*BSD News Article 72860

Path: euryale.cc.adfa.oz.au!newshost.anu.edu.au!harbinger.cc.monash.edu.au!munnari.OZ.AU!news.ecn.uoknor.edu!news.eng.convex.com!newshost.convex.com!newsgate.duke.edu!news.mathworks.com!hunter.premier.net!uunet!inXS.uu.net!news.artisoft.com!usenet
From: Terry Lambert <terry@lambert.org>
Newsgroups: comp.os.linux.networking,comp.unix.bsd.netbsd.misc,comp.unix.freebsd.misc
Subject: Re: TCP latency
Date: Thu, 04 Jul 1996 14:39:21 -0700
Organization: Me
Lines: 57
Message-ID: <31DC3A09.30D463F@lambert.org>
References: <4paedl$4bm@engnews2.Eng.Sun.COM> <4pf7f9$bsf@white.twinsun.com>
					<4qad7d$a5l@verdi.nethelp.no> <4qaui4$o5k@fido.asd.sgi.com> <4qc60n$d8m@verdi.nethelp.no> <31D2F0C6.167EB0E7@inuxs.att.com> <31D9AF0D.4C3AE08C@lambert.org> <31D9ECC5.41C67EA6@dyson.iquest.net>
NNTP-Posting-Host: hecate.artisoft.com
Mime-Version: 1.0
Content-Type: text/plain; charset=us-ascii
Content-Transfer-Encoding: 7bit
X-Mailer: Mozilla 2.01 (X11; I; Linux 1.1.76 i486)
Xref: euryale.cc.adfa.oz.au comp.os.linux.networking:44043 comp.unix.bsd.netbsd.misc:3928

John S. Dyson wrote:
] > ] All this TCP latency discussion is interesting, but how does this
] > ] significantly impact performance when streaming data through the
] > ] connection?  Isn't TCP a streaming protocol?
] >
] > It's relevent for Samba and HTTP, which are request/response
] > protocols which tend to not take advantage of the sliding
] > windows.  For these protocols, the latency per packet counts
] > per packet instead of FTP or similar protocols, where it counts
] > only once per packet run.
] 
] So I guess it is time to look at it.  Isn't this likely an
] artifact of the sofware interrupt/ast type scheduling in the
] BSD code?

I think maybe the way to "fix" it is to virtualize interrupts
to increase interleave.

For Samba, the way to "fix" it is to turn the reads around in the
kernel.  8-).

It's possible to save ~50% of the copies Samba does between kernel
and user space with judicious mmap'ing.

It would probably be a good idea to implement a system call that
does a write and doesn't return until it does a read; this would
halve the call overhead in a work-to-do engine model.

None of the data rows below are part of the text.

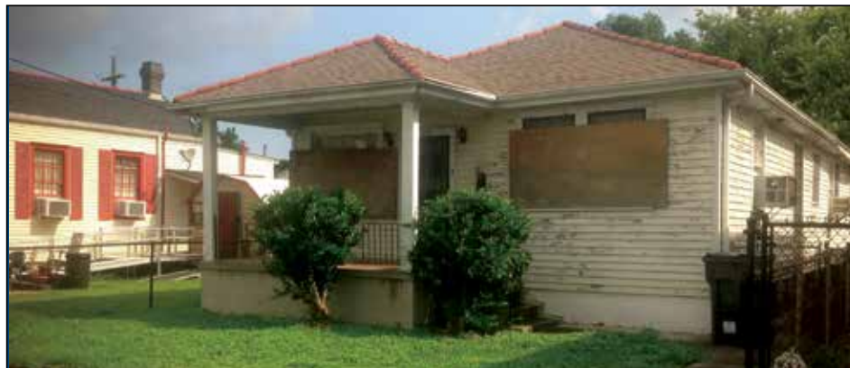
Before: A distressed bungalow before it was rehabilitated by Redmellon Restoration & Development, a real estate development company in New Orleans.

Changing demographics and market forces are driving up overall demand for rehabilitation financing, which totaled $220 billion in 2015. 1 Today's housing rehabilitation trends are fueled by strong sales of existing homes, which continue to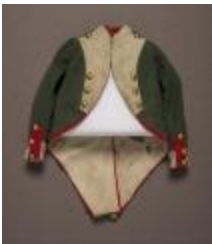
Textile: Napoleon costume jacket belonging to Charles S. Stratton (2017.004.001)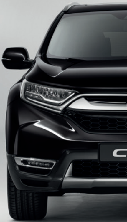
CRYSTAL BLACK PEARL***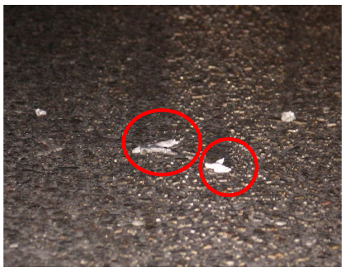
The image on the left depicts the front bumper of Officer Maupin's patrol vehicle. The image on the right depicts bullet fragments located on the ground just below the bullet strike.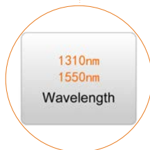
Multi-wavelength testing and display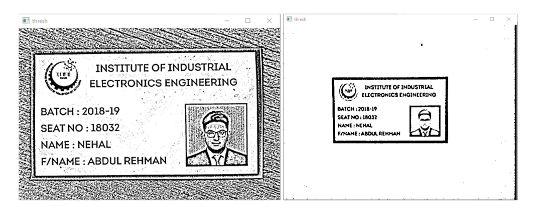
Figure 3. AGT applied to ID-S1 and ID-S2.

From histograms, the thresholding values for ID-S1 for upper and lower bounds were taken at 103 and 204, respectively. For ID-S2, the upper and lower bounds of 56 and 103, respectively, were considered for Canny edge detection (CED) because of the count of pixels with variance around \pm 30\% for particular intensity and contour localization, resulting in better character detection of both samples; see Figures 4 and 5.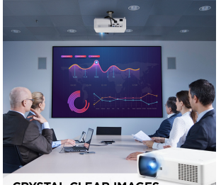
CRYSTAL CLEAR IMAGES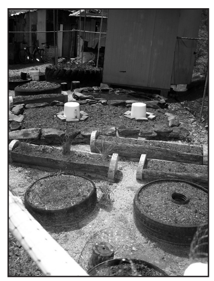
SIFAT gardener John Carr's urban garden is under development in SIFAT's simulated slum.

John has designed a rooftop/urban garden in the slums of our Global Village. There are three main types of rooftop gardens: shallow bed, shallow pool and wick. Hybrids of these types are often used, such as the ones John cultivated.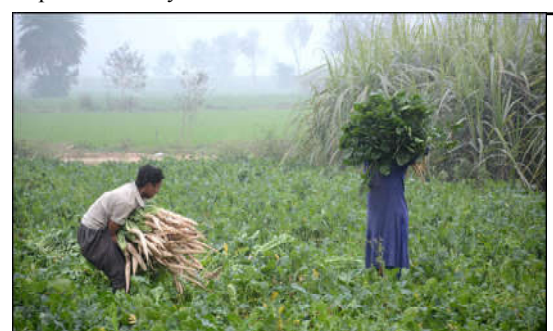
FAISALABAD: Farmers are busy harvesting raddish crop at their field.

She, however, desired to convene another meeting next week to formalize the program contours. She also desired to invite the State Bank of Pakistan (SBP) and Security and Exchange Commission of Pakistan (SECP) in the next meeting to finalize the program modalities.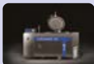
STERILWAVE 100 up to 20kg/h*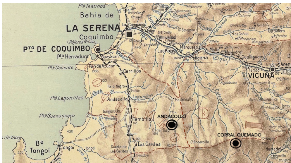
Figure 1. Map of the Coquimbo region, adapted and modified from Luis Riso Patrón (1910).

Systematic exploitation and mineral handling typically pose a health risk to miners who suffer from various mining-related diseases. In Chile, dramatic cases of occupational diseases were observed in different types of mining, such as silicosis in saltpeter mining (Galaz-Mandakovic, 2020) and copper mining activities (Vergara, 2014). For example, the population of Chuquicamata, the world's largest copper mine, suffered from serious respiratory illnesses as a result of inhaling various types of gases and industrial dust (Galaz-Mandakovic & Tapia, 2022). Miners in coal mines suffered from hookworm (Ortúzar, 2015), while other miners suffered from 'saturnism', which is poisoning caused by an excess of lead in the blood (Fernandois, 1965). Several other mining-related problems have been observed, including the consumption of arsenic-laden water in the north of Chile (Arriaza & Galaz-Mandakovic, 2020); respiratory damage in sulfur mining (Galaz-Mandakovic &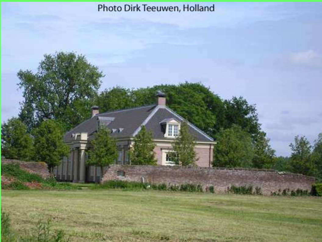
Coach houses, detail; 2015

"Hot engine scheduling" using a kernel packet mux to LIFO the
pending read satisfaction order for write/read requests would
go a long way towards increasing cache/data locality and reducing
paging overhead.

The stack overhead is probably only about half of the removable
latency for Samba -- but it's certainly far from zero, and can be
improved.


Kernel preemption when requests have been satisfied would help
probably more than anything else.

I was astonished at the size of a quantum in BSD (100?!?!); divide
that by 5 and your context switch overhead goes up, but your
latency goes down.  I really have no statistics on average
quantum utilization, which is something you'd need to set the
ideal.  If a process gives away quantum after 20ms, then 5 would
be a definite improvement.

What's the non-blocking "half life" of an average process, given
no involuntary preemption?  8-).


                                        Terry Lambert
                                        terry@lambert.org
---
Any opinions in this posting are my own and not those of my present
or previous employers.